Não me lembro do canário-da-terra-verdadeiro (Sicalis flaveola) antes da sua nova
ascensão. Sabia da sua existência apenas em viveiros e gaiolas. Foi considerada
uma espécie quase que extinta por aqui, no sul de Minas, muito visada e caçada
devido ao seu grande apelo canoro e principalmente, pela sua linda plumagem
amarelada, exclusiva do macho. É considerada entre as 10 mais apreendidas
segundo relatórios do IBAMA. Tal característica marcante do amarelo lhe rendeu
o posto de mascote da seleção brasileira de futebol com o slogan "seleção
canarinho", muito bem explorado pela seleção de 1982.
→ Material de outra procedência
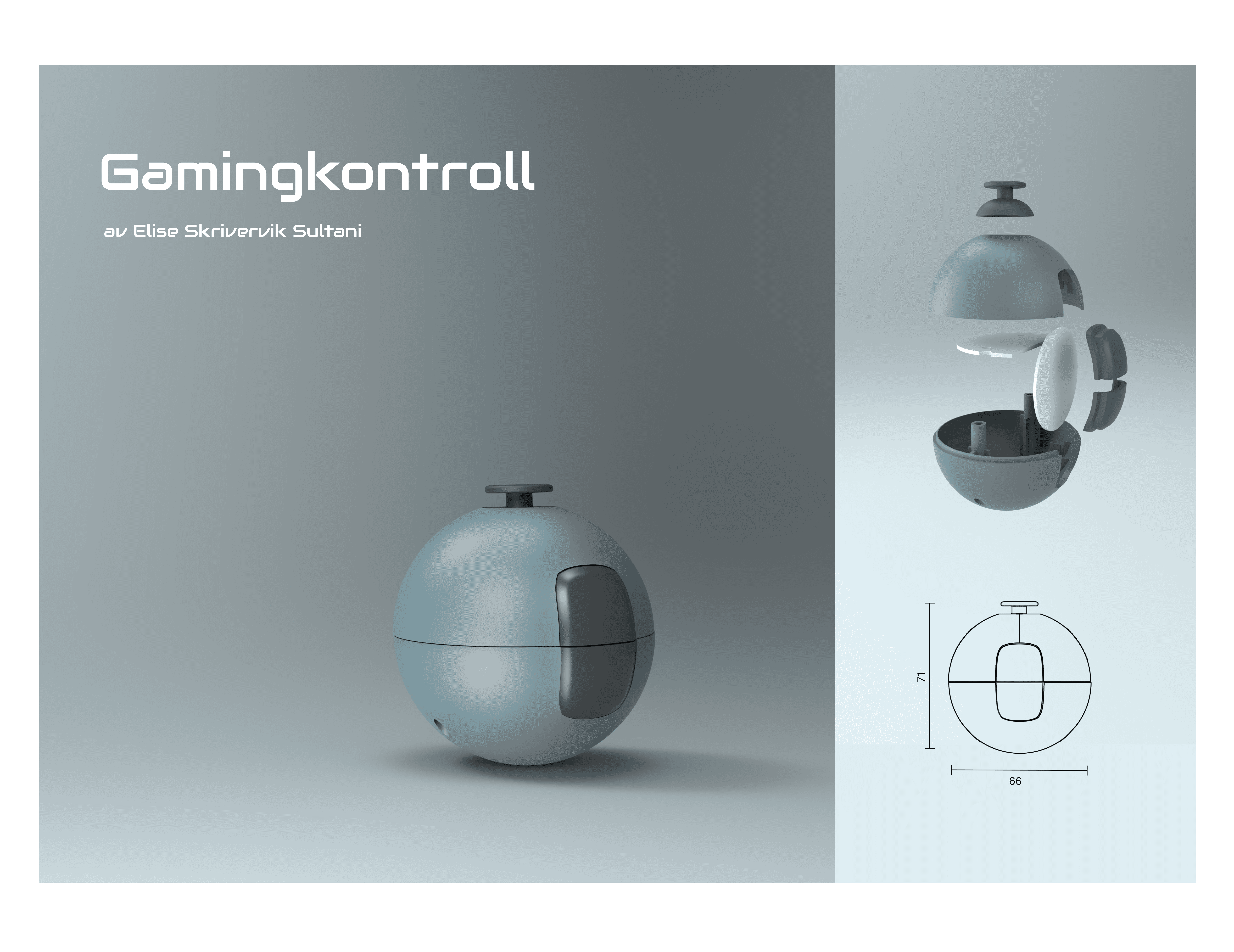 Vi designet en spillkontroll med fokus på form, ergonomi og produksjonsvennlighet. Gjennom skisser, CAD og prototyper tok vi hensyn til metoder som sprøytestøping og 3D-print, og tilpasset geometrien deretter.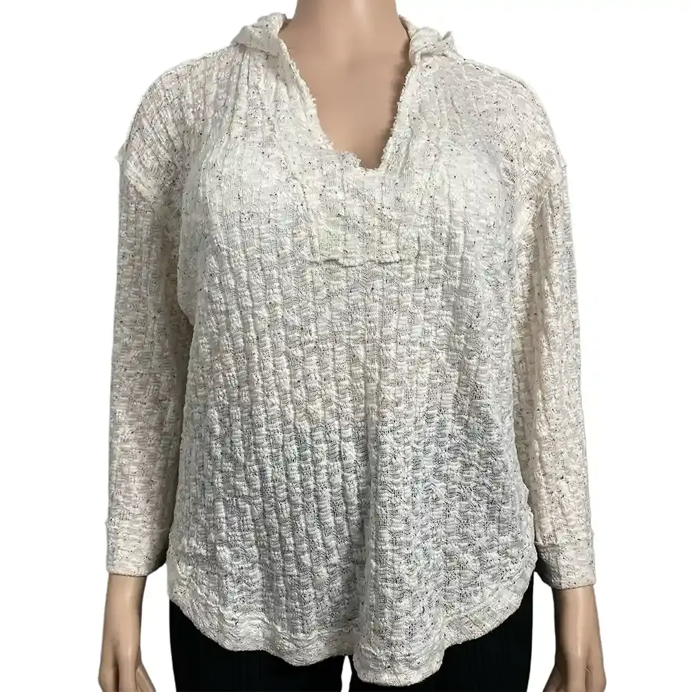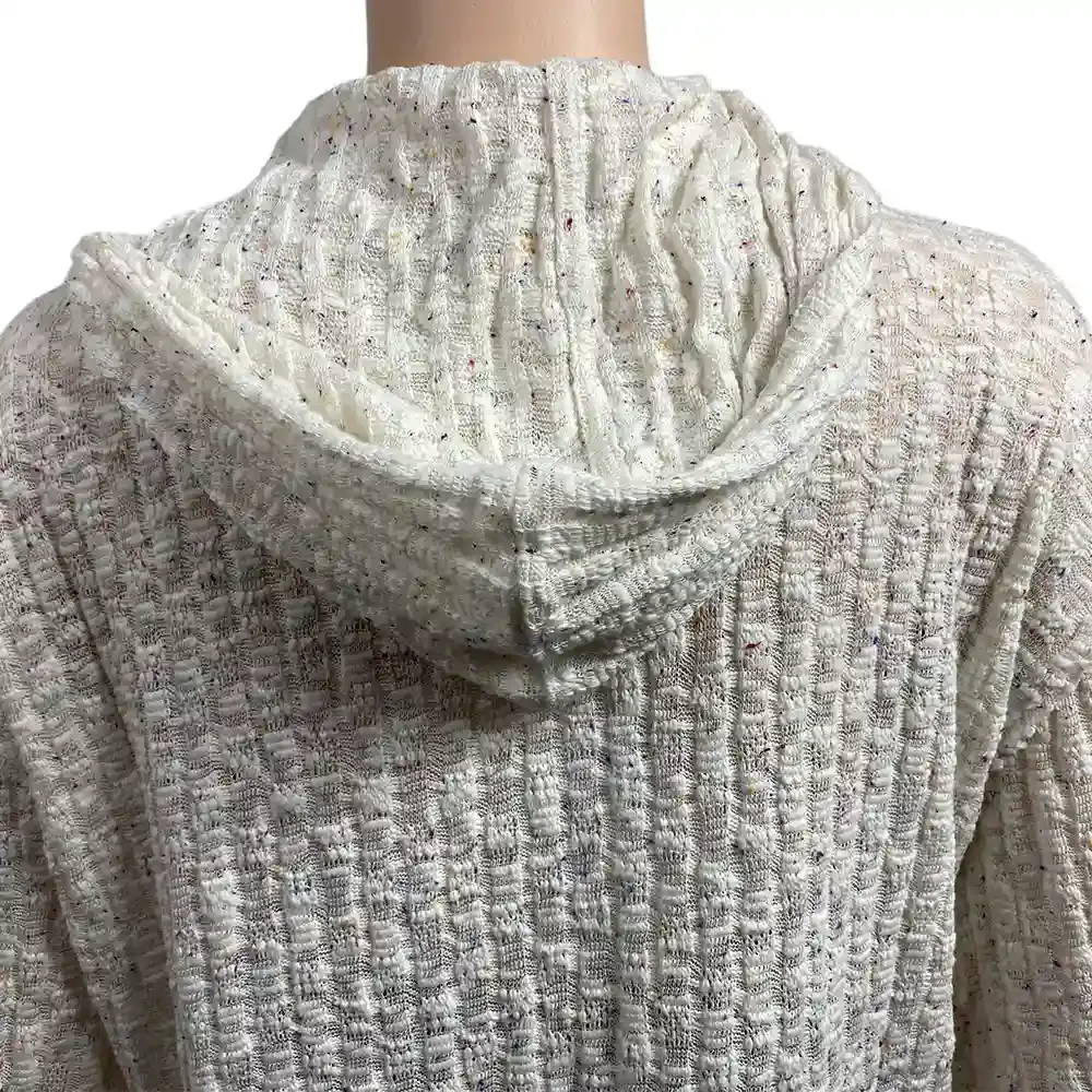 Embrace laid-back bohemian style with this charming Free People Baja Babe oversized hoodie sweater. Crafted in a lightweight hacci knit, this cream-colored beauty is adorned with vibrant confetti-like speckles in pink, blue, yellow, and other cheerful hues that add a playful, artistic touch. The relaxed, oversized silhouette drapes beautifully for an easygoing vibe, while the cozy hood with drawstring and V-neckline opening create the perfect casual-cool aesthetic. The soft, breathable fabric makes this ideal for layering or wearing solo during transitional seasons. Whether you're headed to a festival, weekend brunch, or just living that free-spirited lifestyle, this sweater delivers signature Free People charm. New with tag and ready to add some bohemian magic to your wardrobe.

Seu desaparecimento na época, deu-se por conta também, da
intoxicação pelo uso abusivo de agrotóxico nas lavouras, já que o
canário-da-terra é uma espécie
granívora, ou seja, alimenta-se de sementes, especialmente sementes de capins.
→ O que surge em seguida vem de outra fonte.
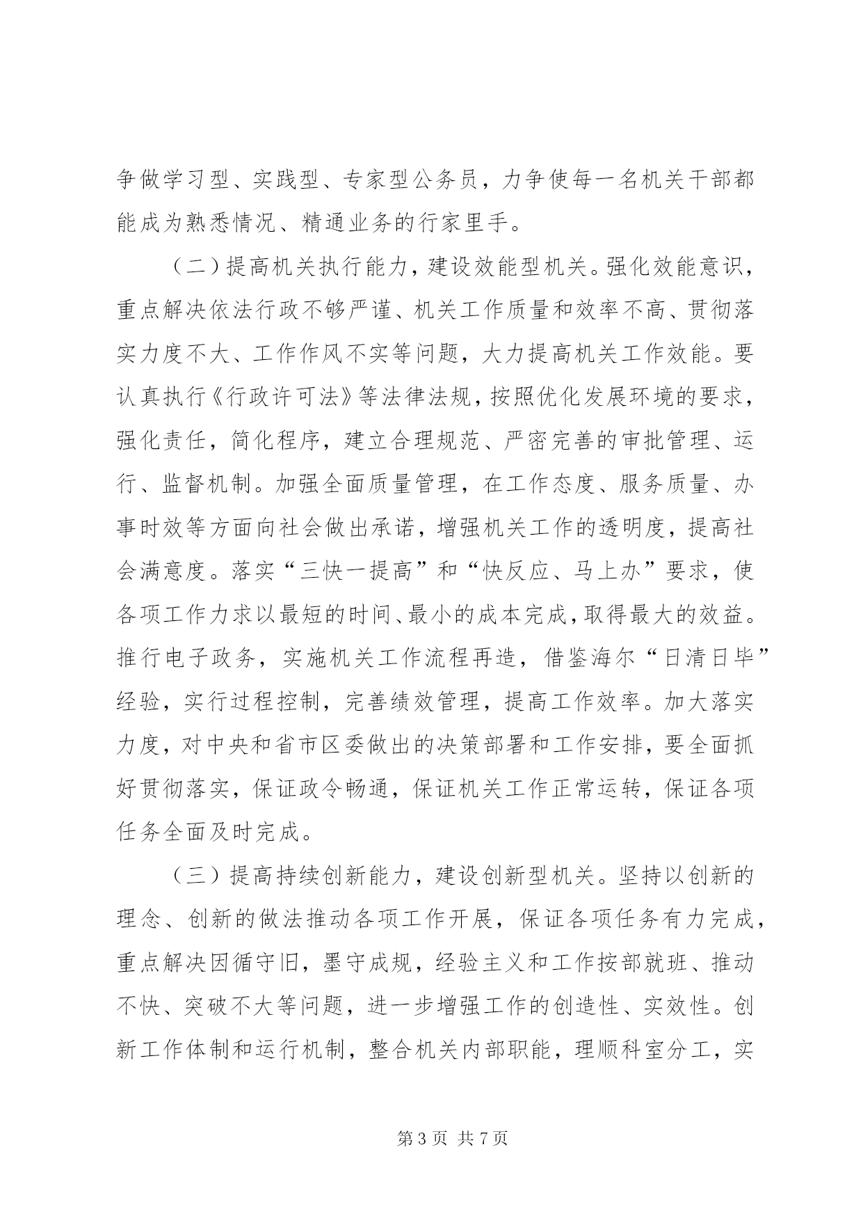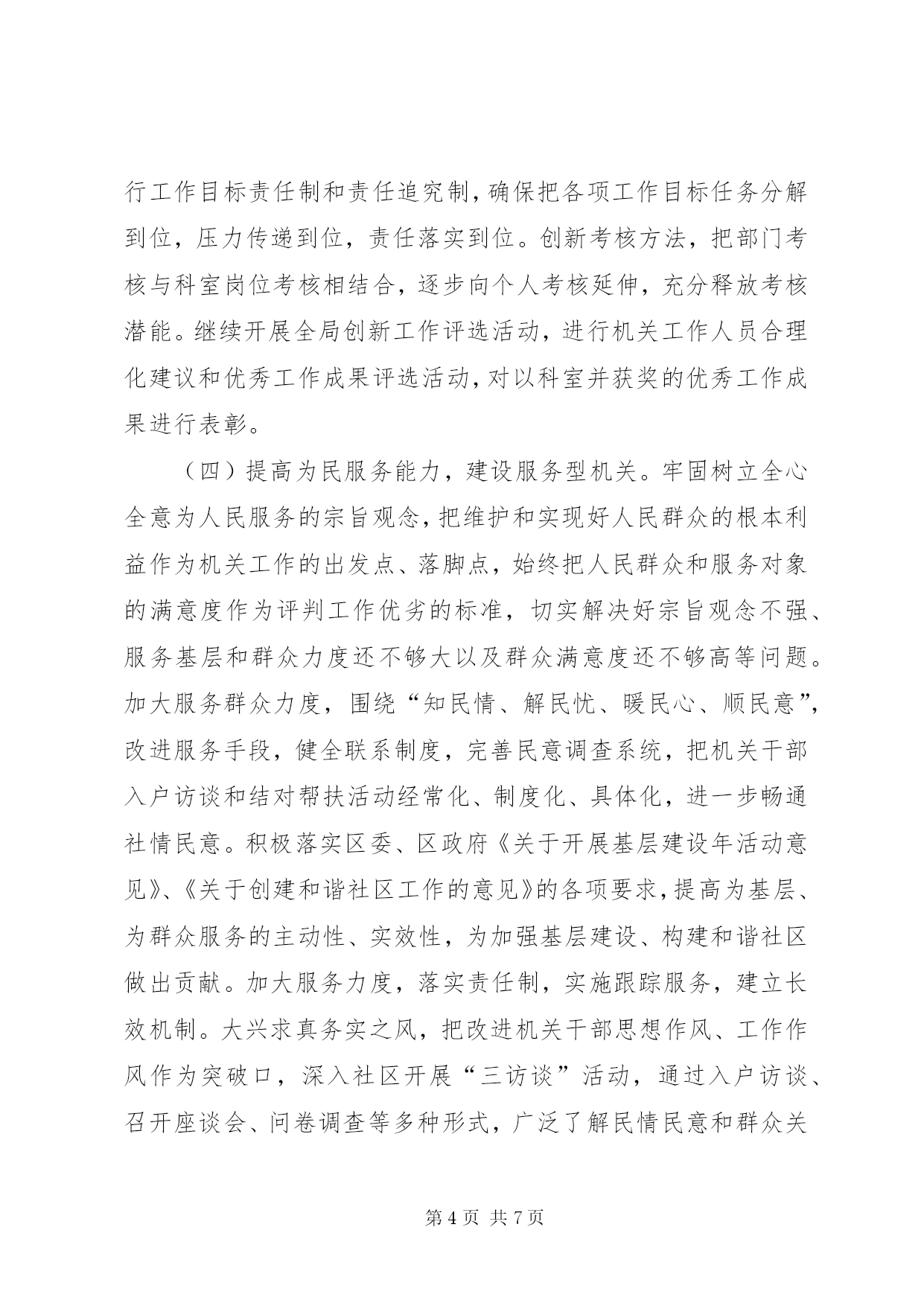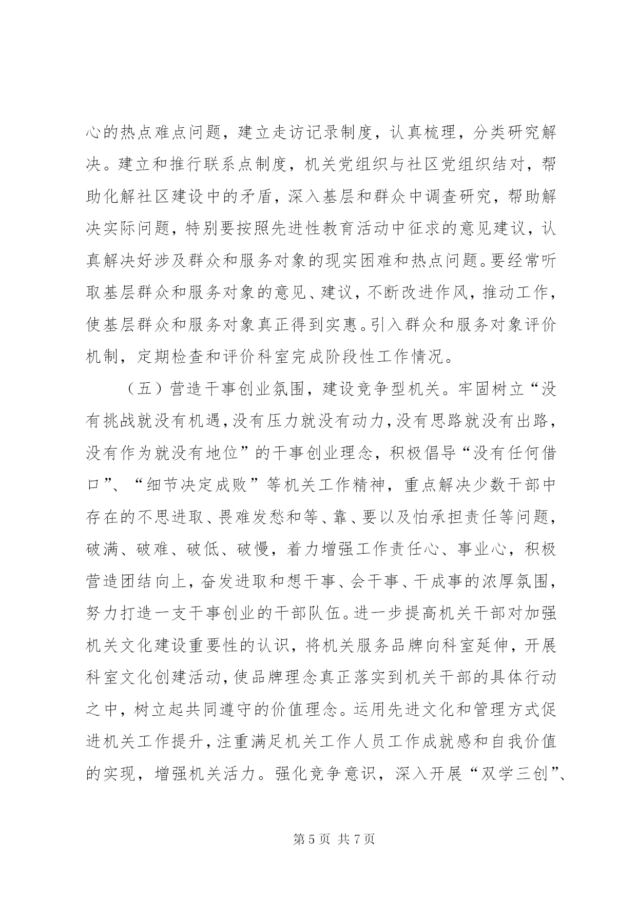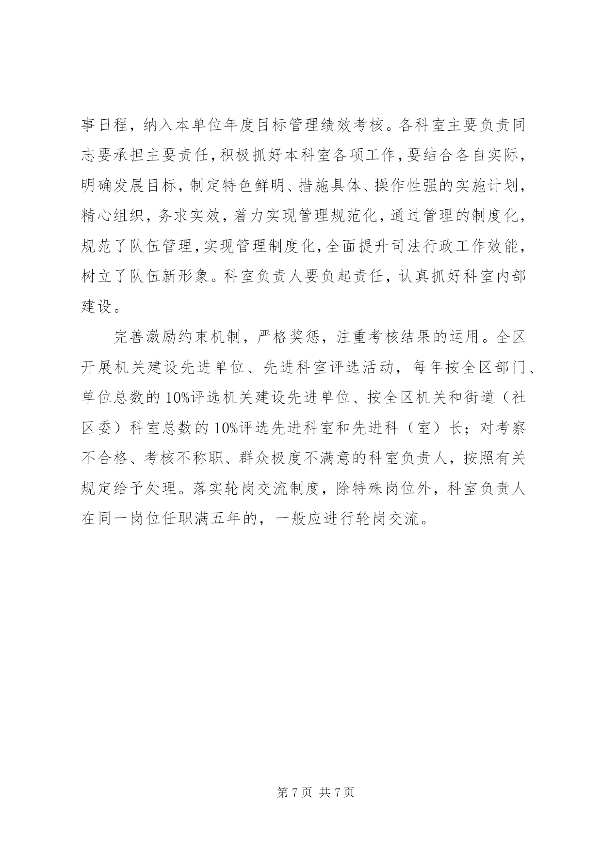 第PAGE\*Arabic\*MERGEFORMAT7页共NUMPAGES\*MERGEFORMAT7页司法局科室建设安排意见为深入贯彻落实党的十六大和十六届四中全会精神,切实加强全局机关执政能力建设,提高机关建设水平,加快建设繁荣、平安、洁净、温馨和诚信,努力实现把我区建设成为全国重点中心城市和世界知名特色城市的中心XX县区的目标,根据机关工委《关于加强全区机关建设的意见》和《2012年区机关处(科)室建设实施方案》有关精神,就加强全局机关建设提出以下意见:一、指导思想总体目标和主要任务指导思想。坚持以邓小平理论和“三个代表”重要思想为指导,深入贯彻落实党的十六大和十六届四中全会精神,以廉洁高效公正为核心,以服务中心、服务大局、服务基层、服务群众为根本,以提高机关干部素质为基础,以建立和落实制度为关键,以创新工作机制为重点,以基层和群众满意为最高标准,解放思想,干事创业,努力开创各项工作新局面。总体目标。以“创建高绩效机关,做人民满意公务员”为目标,立足现实,着眼长远,整体推进,创建团结和谐、行为规范、运转协调、依法行政、公正透明、廉洁高效机关。主要任务。围绕增强素质、解决问题、提高效能、改进作风,抓好学习型、效能型、创新型、服务型、竞争型和廉洁型机关建设,不断增强全局机关促进发展的能力、维护稳定的能力、持续创新的能力和科学、民主、依法行政的能力。二、工作措施(一)提高干部整体素质,建设学习型机关。提高机关干部队伍的整体素质,是加强机关建设的基础。局机关党组、各支部要把加强学习、提高学习能力、提升处(科)室人员综合素质作为基础工程来抓,重点培养学习能力和学习习惯。认真落实“四个一”(读一本好书、建立一本读书笔记、写一篇调研文章、解决一个工作中的突出问题)学习制度,经常组织在处(科)室之间、机关干部之间,开展机关工作基本常识、基本技能、基本方法、工作流程等内容的研讨交流,经常进行时事政策、廉政法规和区情、社情以及办文、办会、待人接物等综合知识、业务知识的培训,重点解决政治理论和专业学习不深入、理论联系实际不足、对新事物新经验吸收慢等问题,在运用理论指导实践上下功夫,着力提高局机关干部的思想政治素质、政策理论水平和专业知识技能,不断提高局机关围绕改革、发展、稳定解决现实问题的能力。要加强现代公共管理知识学习培训,进一步强化为民、服务、成本、效率、民主、法治、持续创新理念,努力提升服务本领。对局机关干部专题进行培训和岗位技能培训,提高培训工作的普及性、针对性和时效性。开展创建学习型机关、学习型科室活动,教育引导干部养成终身学习的理念,把工作学习化,学习工作化变为现实,自觉学习新知识、熟悉新领域、掌握新技能,争做学习型、实践型、专家型公务员,力争使每一名机关干部都能成为熟悉情况、精通业务的行家里手。(二)提高机关执行能力,建设效能型机关。强化效能意识,重点解决依法行政不够严谨、机关工作质量和效率不高、贯彻落实力度不大、工作作风不实等问题,大力提高机关工作效能。要认真执行《行政许可法》等法律法规,按照优化发展环境的要求,强化责任,简化程序,建立合理规范、严密完善的审批管理、运行、监督机制。加强全面质量管理,在工作态度、服务质量、办事时效等方面向社会做出承诺,增强机关工作的透明度,提高社会满意度。落实“三快一提高”和“快反应、马上办”要求,使各项工作力求以最短的时间、最小的成本完成,取得最大的效益。推行电子政务,实施机关工作流程再造,借鉴海尔“日清日毕”经验,实行过程控制,完善绩效管理,提高工作效率。加大落实力度,对中央和省市区委做出的决策部署和工作安排,要全面抓好贯彻落实,保证政令畅通,保证机关工作正常运转,保证各项任务全面及时完成。(三)提高持续创新能力,建设创新型机关。坚持以创新的理念、创新的做法推动各项工作开展,保证各项任务有力完成,重点解决因循守旧,墨守成规,经验主义和工作按部就班、推动不快、突破不大等问题,进一步增强工作的创造性、实效性。创新工作体制和运行机制,整合机关内部职能,理顺科室分工,实行工作目标责任制和责任追究制,确保把各项工作目标任务分解到位,压力传递到位,责任落实到位。创新考核方法,把部门考核与科室岗位考核相结合,逐步向个人考核延伸,充分释放考核潜能。继续开展全局创新工作评选活动,进行机关工作人员合理化建议和优秀工作成果评选活动,对以科室并获奖的优秀工作成果进行表彰。(四)提高为民服务能力,建设服务型机关。牢固树立全心全意为人民服务的宗旨观念,把维护和实现好人民群众的根本利益作为机关工作的出发点、落脚点,始终把人民群众和服务对象的满意度作为评判工作优劣的标准,切实解决好宗旨观念不强、服务基层和群众力度还不够大以及群众满意度还不够高等问题。加大服务群众力度,围绕“知民情、解民忧、暖民心、

É muito comum vê-los se alimentando em capinzeiros e pastagens de beira de
estrada junto às coleirinhas, bigodinhos e tizius. Houve um tempo, em alguns
lugares do sul de Minas que a lavoura de arroz foi dominante nas áreas mais
alagadas. Talvez ali, tal fato foi preponderante para o desaparecimento da
espécie devido ao uso do roundup glifosato.
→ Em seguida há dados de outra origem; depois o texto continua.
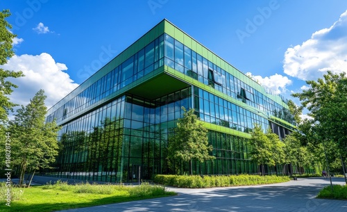 building, office, green, glasses, modern, architecture, business, corporate, commercial, contemporary, structure, design, facades, exterior, sunlight, sky, cloud, tree, landscape, park, environment, sustainable, eco, energy, efficient, technology, innovation, growth, success, future, development, property, real, estate, urban, city, scene, view, day, summer, bright, clean, professional, company, workplace, industry
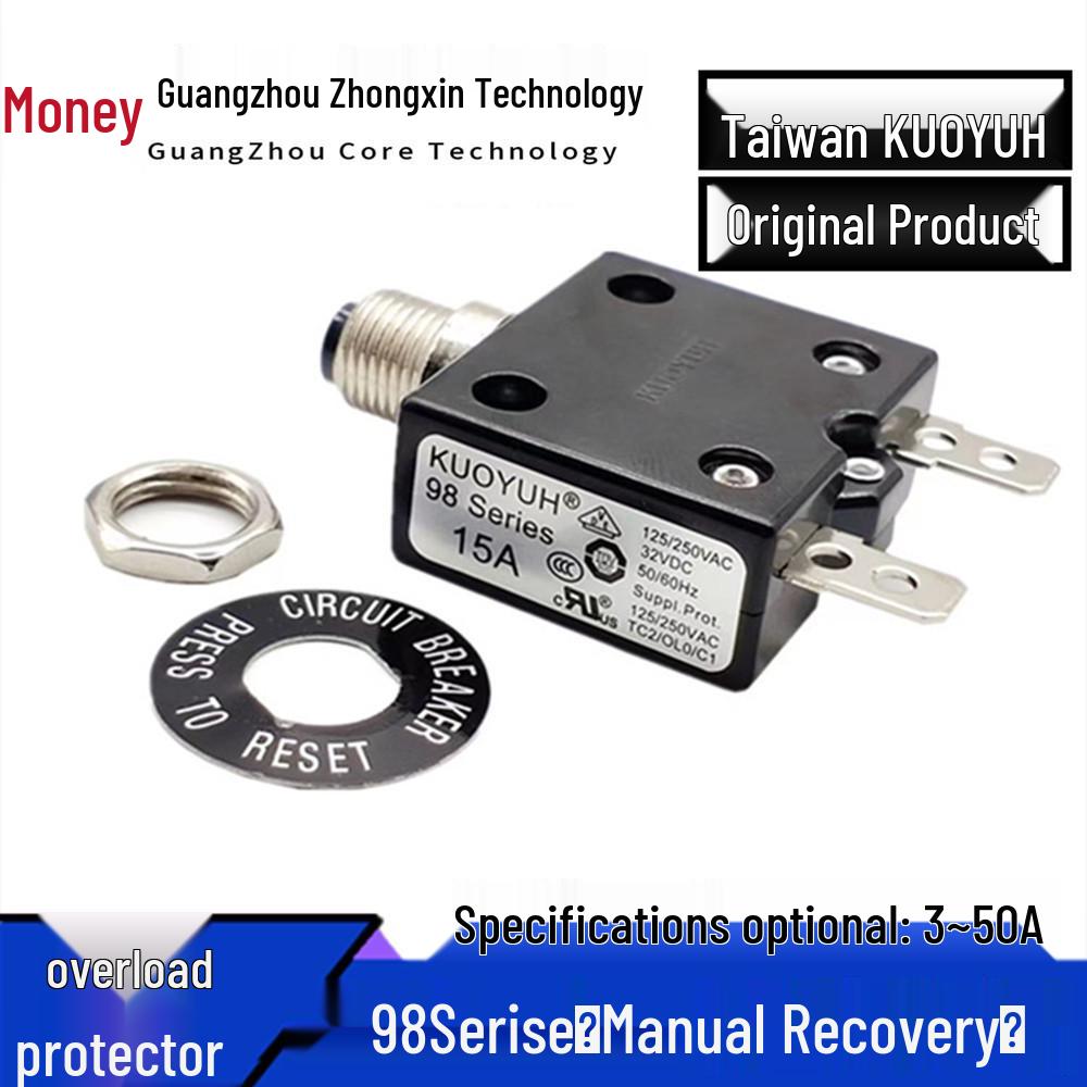 KUOYUH 98 Series Manual Reset Circuit Breaker: Overcurrent Overload Protector (3A–50A). 6A (Manual Reset)2.50Buy!£Joom UKDelivery: to United Kingdom ReportThe 98 Series Manual Reset Circuit Breaker is a reliable overcurrent and overload protector designed to safeguard electrical systems ranging from 3A to 50A. This versatile device is ideal for various more→applications, providing dependable protection by automatically interrupting power flow in the event of an overload. It features a convenient manual reset function, allowing for easy reactivation after the issue has been resolved. With its robust design and broad current range, it ensures optimal safety and performance in both residential and commercial environments. Part Number: Overload protector Type: Overcurrent protector Voltage Characteristics: Safety voltage Shape: Insert type Fuse

No entanto, o fato é que o "canarinho" voltou, e
com força total! A ponto de ocupar e disputar espaço com o pardal! Suas
populações têm aumentado exponencialmente, principalmente em locais de grande
movimentação humana nas zonas rurais onde o manejo de criações tornou-se o seu
principal reduto por conta do trato de animais a base de grãos.
Nas cidades, sua movimentação é mais discreta, porém já se
ouve em qualquer esquina. É comum acordar de manhã e passear pelas ruas e
avistar um casal se alimentando.
O que o trouxe de volta? Em minha região, a uns 10 anos
atrás, dificilmente se via canários nas cidades. Avistava-se eventualmente nas
zonas rurais. A uns 20 anos então, não se via em lugar algum. As pessoas foram
criando em cativeiro com o intuito de soltá-los gradualmente, principalmente
proprietários de terra e donos de xácaras que aderiram à ideia e foram
disseminando-a. O bicho foi se espalhando para todo canto com uma capacidade de
reprodução incrível e grande habilidade em ocupação de espaço, basta pendurar
uma cabacinha que logo já se vê uma fêmea fazendo o reconhecimento da futura
chocadeira.
É bem verdade, as Leis punitivas foram ficando mais
rigorosas, embora ainda bem longe do ideal. O canarinho é tão querido que hoje
se teme o fato do sujeito ser "dedurado" caso opte por caçá-lo e
criá-lo em gaiola.
Segundo relatos de pessoas mais velhas, que já viveram o
auge da espécie em outras épocas, o canário-da-terra de hoje voltou do
cativeiro um pouco modificado em relação aos seus hábitos originais. O canário
de hoje tem hábitos bem mais gregários, certamente por ter sido criado aos
montes em cativeiro. Inclusive, segundo relatos desses mais antigos
passarinheiros o seu canto voltou um pouco modificado. O fato é que ainda
assim, já consegui ver disputas acirradas de machos por fêmeas em períodos
reprodutivos onde é muito comum ver casais separados do bando.
Sua ocupação ostensiva não gera impacto, muito pelo
contrário, é possível perceber o quanto a sua ascensão ajudou a controlar o
ímpeto do pardal e das pombas, equilibrando assim as populações da avifauna
urbana e rural. A presença do canário-da-terra nos inspira felicidade! Ao
ouvi-lo solto nos dá a sensação de paz, pois sua presença purifica o ambiente
de beleza e nos remete ao campo, em plena selva de pedra.